L’humour se présente alors comme une sorte de dialogue non dit dont nous fixons nous-mêmes le niveau. Mais, dans cette espèce de télépathie sans fil, il faut se méfier des parasites qui vous brouillent l’écoute. Parce que, et c’est là que le bât blesse, trop souvent notre hypocrisie foncière rend le pitre responsable des jeux de fous de nos sombres autosuggestions. Si déjà nous n’aimons pas ceux qui nous montrent nos défauts, nous aimons encore moins ceux qui nous les font découvrir.

Pour apprécier pleinement l’humour, il convient donc de voir les choses avec une certaine sérénité.
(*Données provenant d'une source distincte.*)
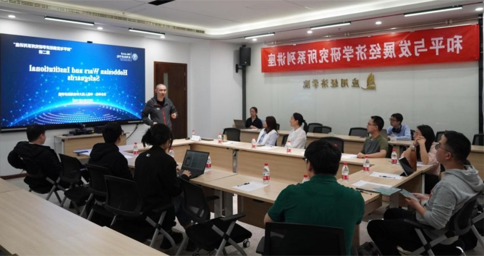 为进一步提升学院服务国家重大战略需求的能力,坚定不移地走好建设中国特色、世界一流的新路,探花视频 于4月18日召开“和平与发展经济学研究所系列讲座”第二讲,加利福尼亚大学河滨分校副教授谢阳作题为“Hobbesian wars and institutional safeguards”的主题报告。会议由探花视频 和平与发展经济学研究所所长谢伦裕教授主持。

Pas cette sérénité béate consécutive à un angélisme euphorisant, mais celle que procure le plaisir ineffable de considérer le monde conique (comme l’imagine Einstein) avec suffisamment de recul. C’est pour cette raison sans doute que la plupart des gens engagés à fond dans un combat qui occupe tout leur esprit, ce qui leur donne souvent mine piteuse (et quelle bouille !) sont si peu enclins à pratiquer ou à comprendre l’humour. De la dérision, encore de la dérision, toujours de la dérision. C’est l’arme la plus efficace contre tout ce qui nous opprime, nous effraie, nous domine, nous accule et nous encorde. Mais dérision bien ordonnée commence par soi-même ! La première leçon d’humour consiste à essayer de ne pas trop se prendre au sérieux afin que notre rire puisse être provoqué par autre chose que le malheur ou les défauts d’autrui. Secouons les mites de nos habits, détestons nos ridicules et goûtons la farce !


1  Raconté par le colonel Rémy, cité dans Luc Étienne, L’art du contrepet, J.J. Pauvert, 1957.